Thermoelectric Performance of Perovskite-type Oxide Materials
Lassi Karvonen, Petr Tomeš, Anke Weidenkaff
1Laboratory for Solid State Chemistry and Catalysis, 2Department of Mobility, Energy and Environment, 3EMPA-Swiss Federal Laboratories for Materials Science and Technology, Überlandstrasse 129, CH-8600 Dübendorf, Switzerland
Global Energy Challenge
The prevailing strategies for heat and electric-power production that rely on fossil and fission fuels are having a negative impact on the environment and on our living conditions. Meanwhile, the global energy trend appears to show only an increasing demand for energy. Alternative and environmentally benign sources of primary energy do exist. However, development is ongoing for strategies to convey these alternative sources into desired energy forms that are adequately competitive with conventional technologies. In addition to alternative sources, improvement in the efficiency of energy-conversion is considered to be a part of the solution. For example, in the mechanical conversion of heat to electricity, a major part of the primary energy is lost to the environment. Therefore, technologies for harnessing the dissipating heat component are highly desired. Direct thermoelectric power conversion, omitting any mechanical intermediate stage, is seen as one of the more promising strategies.

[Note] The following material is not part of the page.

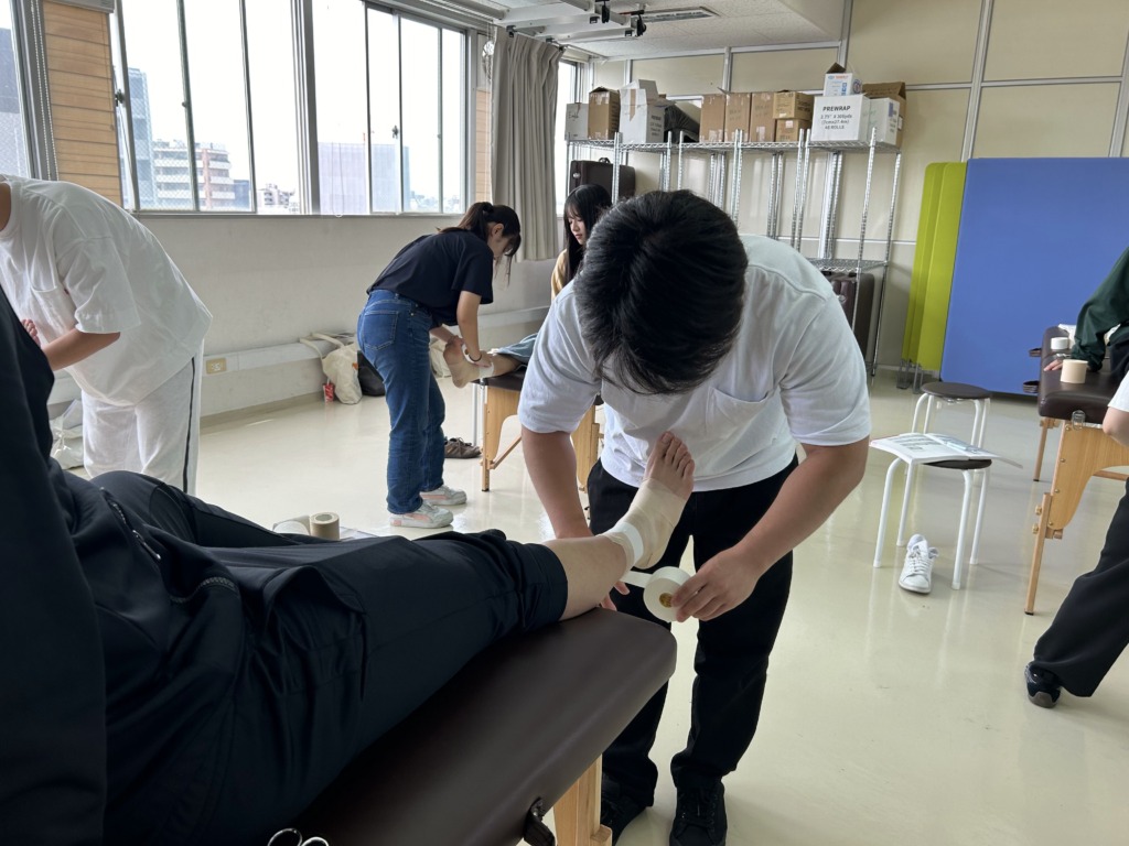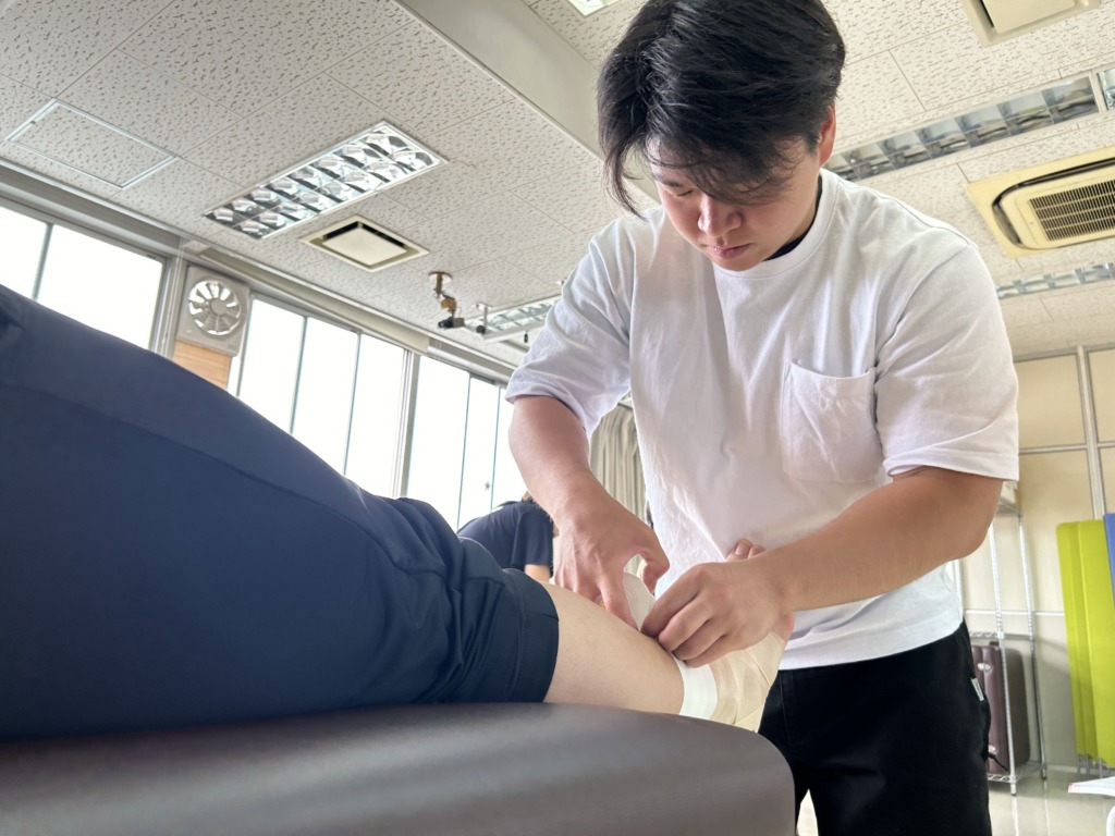 はじめはテーピングに慣れるために、何回も巻いて練習していきます。

Thermoelectric Power Conversion
A thermoelectric generator (Figure 1) consists of an alternating series of n- and p-type conducting legs that are connected in series to the applied electric field and parallel to the heat gradient applied over the generator module. The Seebeck effect, caused by the heat gradient, accumulates the majority of the charge carriers on the cold side of each leg, thereby building up a net voltage across the electrically coupled series.
Figure 1.A schematic diagram of a thermoelectric generator, consisting of n- and p-type legs coupled electrically in series and thermally in parallel.

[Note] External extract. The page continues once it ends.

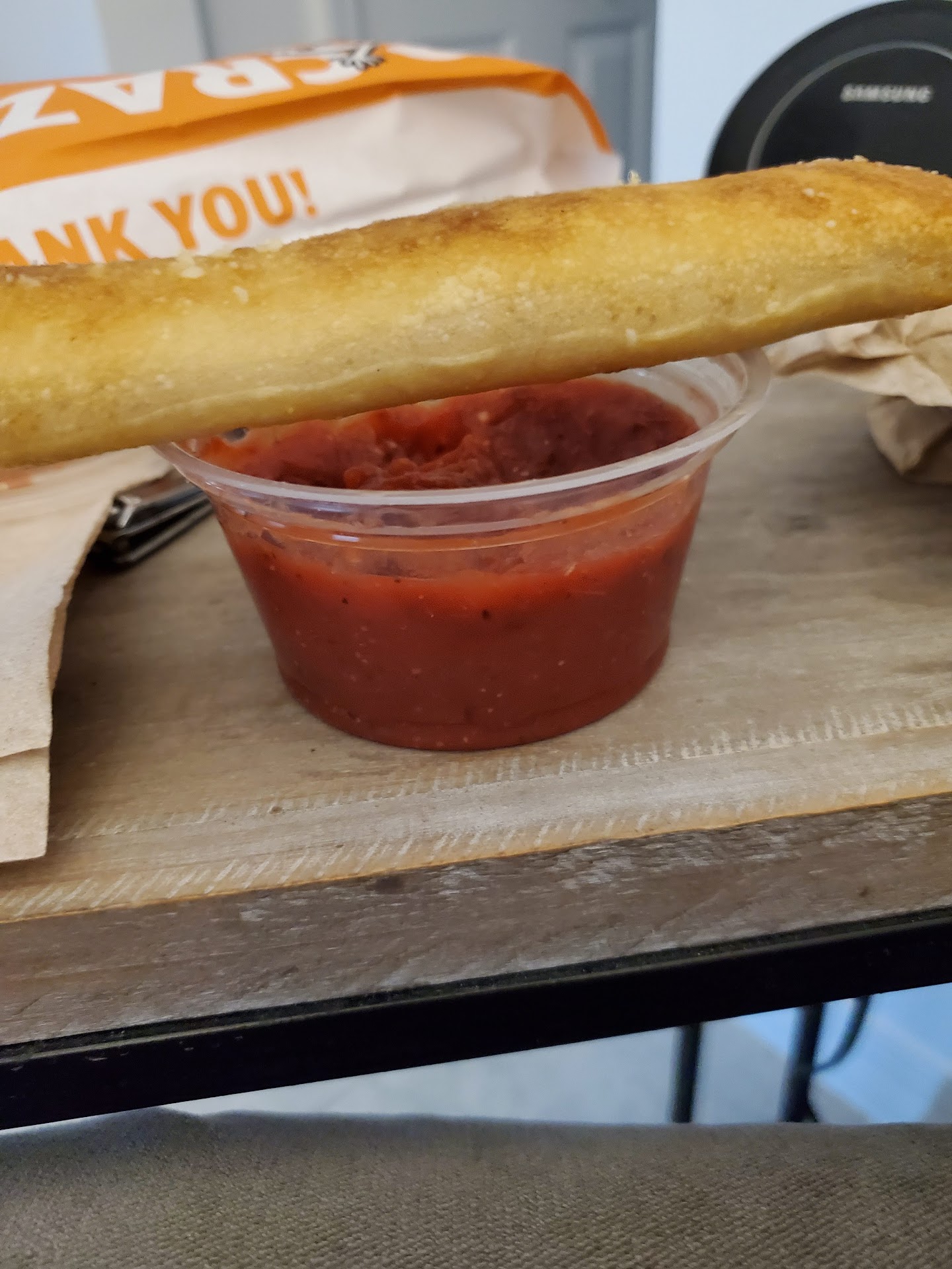 Read moreWhat happened to hot and ready? All I wanted was crazy bread. I placed my order and waited and I waited. I saw crazy bread come out of the oven and then bagged and put aside. I was observing the worker and noticed he was boxing pizzas. So I asked how much longer and he said not too much longer, at this point I had been waiting 15 minutes. Apparently I had to wait until all the pizza orders were fulfilled before I could get my crazy bread. By then I had to remind the worker that sauce came with the crazy bread. As you would expect the crazy bread was cold and dry. It was a $4.00 purchase and may be insignificant to those reading this but little things not done correctly can...

A good thermoelectric leg material combines a high thermopower (Seebeck coefficient, S) with a low thermal conductivity (κ) and low electrical resistivity (ρ). This is often expressed in terms of maximizing the dimensionless figure of merit ZT = S2T/ρκ, which is directly related to maximizing the efficiency of the heat-to-electricity conversion and approaching the Carnot limit at ZT → ∞.1
Since all the considered quantities deal with the charge-carrier mobility and density or the density of electronic states, achieving simultaneous improvements in all of them is challenging. As a compromise of the properties, the best-known and currently most widely applied thermoelectric materials are found among the semiconducting materials, particularly chalcogenides such as Bi2Te3 , Bi2-xSbxTe3 , and Bi2Te3-xSex.2 The chalcogenide materials already reaching the application stage present ZT values of ~1 and are also currently considered a limit for commercial interest. While the highest ZT values for any bulk thermoelectric material to date are around 1.5, reaching the efficiencies of the compressor-run heat engines still demands at least double that value.3 However, since the wasted heat generally does not have alternative uses, even the modules with ZT < 1 materials could be considered as beneficial supplements to available energy conversion technologies.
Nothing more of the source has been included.